A considerably higher incidence of II genotype was observed in the JRA patients compared to controls (p < 0.003). In contrast, no statistically significant difference was detected in the incidence of DD and ID genotypes in JRA patients and controls (p = 0.276 and 0.460, respectively). The incidence of ACE gene polymorphism genotypes was also studied in clinical subclasses of JRA patients and controls. There was no significant difference in the incidence of DD and ID genotypes in either of the 3 JRA subclasses (oligoarticular, polyarticular, and systemic) when compared to controls. However, the incidence of II genotype was found to be significantly higher in all the 3 JRA subclasses compared to controls. The strongest association between II genotype and JRA subclasses was detected in systemic JRA, followed by oligoarticular and polyarticular JRA. This was also reflected in a higher prevalence of I-allele in the systemic JRA cases (13/26, 50%) compared to the D-allele (11/26, 42%). In contrast, D-allele of the ACE gene was more prevalent in oligoarticular and polyarticular JRA cases, than the I-allele (61% and 58%, respectively).
Our data suggest a significant association of the I-allele of the ACE gene I/D polymorphism with the 3 clinical subclasses of JRA in children, and the highest association was observed in systemic JRA cases.
研究血管紧张素转换酶(ACE)基因插入/缺失(I/D)多态性基因型在幼年类风湿关节炎(JRA)患儿中的发生率。JRA是一种具有自身免疫病理特征的异质性慢性疾病。ACE基因I/D多态性会影响ACE的血浆和组织水平,并参与炎症机制。
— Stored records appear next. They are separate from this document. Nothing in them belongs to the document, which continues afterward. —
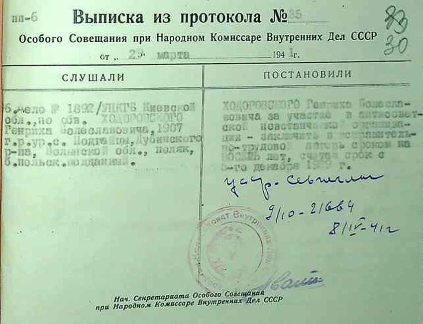 29 listopada 1940 r. Henrykowi Chodorowskiemu zostały przedstawione zarzuty, a sprawa została skierowana do Kolegium Specjalnego NKWD ZSRR. Zgodnie z protokołem nr 35 z dnia 29 marca 1941 r. Henryk Chodorowski został skazany na osiem lat w poprawczym obozie pracy, licząc od 6 grudnia 1939 r. Więzień odbywał karę w Siewpieczłagu.
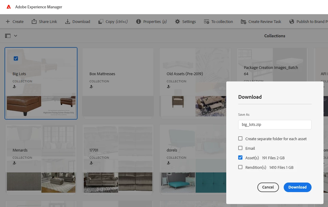 | Current/Experienced Behavior: | Currently we have to select all images within a collection for the dynamic rendition option to be an option for download. We also are getting an error when collections contain a 100+ images and we select dynamic renditions- so we then have to download these collections in smaller batches. |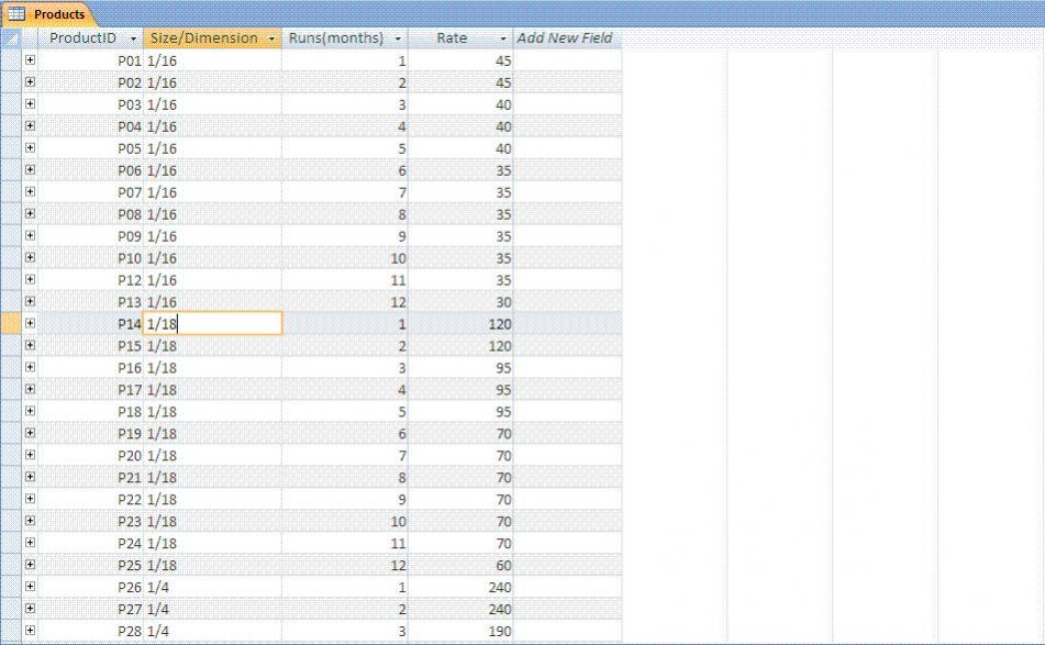 The Productstbl lists all the possible combinations of Size/Dimensions, Terms, and Rate. Although there are only 5 different Size/Dimensions a customer can order, there are 61 different combinations of terms and rates. I’ve attached a print screen of the Productstbl. In terms of the subform, my questions are: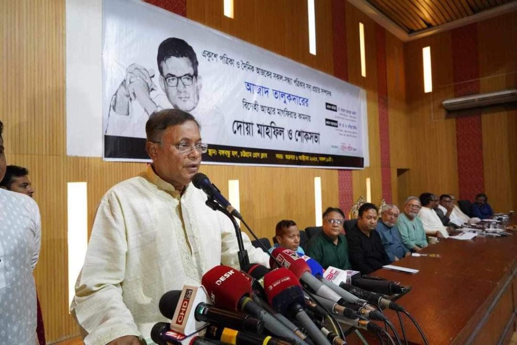 শুক্রবার দুপুরে চট্টগ্রাম প্রেসক্লাবের বঙ্গবন্ধু হলে একুশে পত্রিকা’র সদ্যপ্রয়াত সম্পাদক আজাদ তালুকদার স্মরণে দোয়া মাহফিল ও শোকসভায় প্রধান অতিথির বক্তৃতা শেষে সাংবাদিকদের প্রশ্নের জবাবে তিনি এ কথা বলেন।
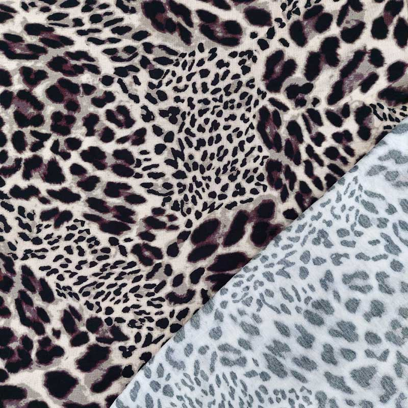Ein weich fließender, hellbeiger Viskose Jersey Stoff bedruckt mit braun schwarzem Leopardenmuster. Der elastische Jerseystoff mit dem Animal Print ist weich und fällt locker. Die Stoffrückseite ist unbedruckt, d.h. grau meliert.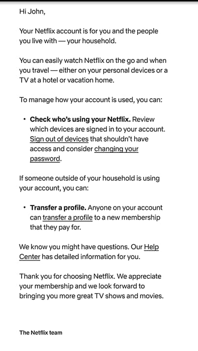 "A Netflix account is for use by one household. Everyone living in that household can use Netflix wherever they are — at home, on the go, on holiday — and take advantage of new features like Transfer Profile and Manage Access and Devices," the company said.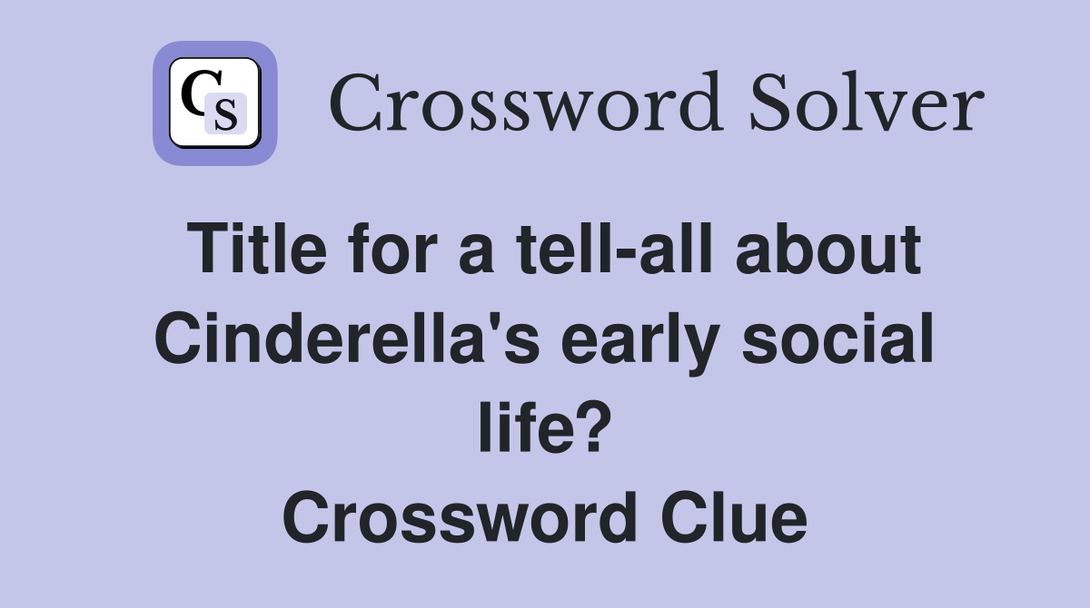 Title for a tell all about Cinderella #39 s early social life? Crossword

采用聚合酶链反应测定了82例科威特JRA患儿的ACE基因I/D多态性基因型发生率,并与48例种族匹配的健康对照进行比较。
与对照组相比,JRA患者中II基因型的发生率显著更高(p < 0.003)。相反,JRA患者和对照组中DD和ID基因型的发生率无统计学显著差异(分别为p = 0.276和0.460)。还对JRA患者和对照组的临床亚类中的ACE基因多态性基因型发生率进行了研究。与对照组相比,3个JRA亚类(少关节型、多关节型和全身型)中DD和ID基因型的发生率均无显著差异。然而,发现所有3个JRA亚类中II基因型的发生率均显著高于对照组。在全身型JRA中检测到II基因型与JRA亚类之间的关联最强,其次是少关节型和多关节型JRA。这也反映在全身型JRA病例中I等位基因的患病率(13/26,50%)高于D等位基因(11/26,42%)。相反,ACE基因的D等位基因在少关节型和多关节型JRA病例中比I等位基因更普遍(分别为61%和58%)。
我们的数据表明,ACE基因I/D多态性的I等位基因与儿童JRA的3个临床亚类显著相关,在全身型JRA病例中观察到的关联最强。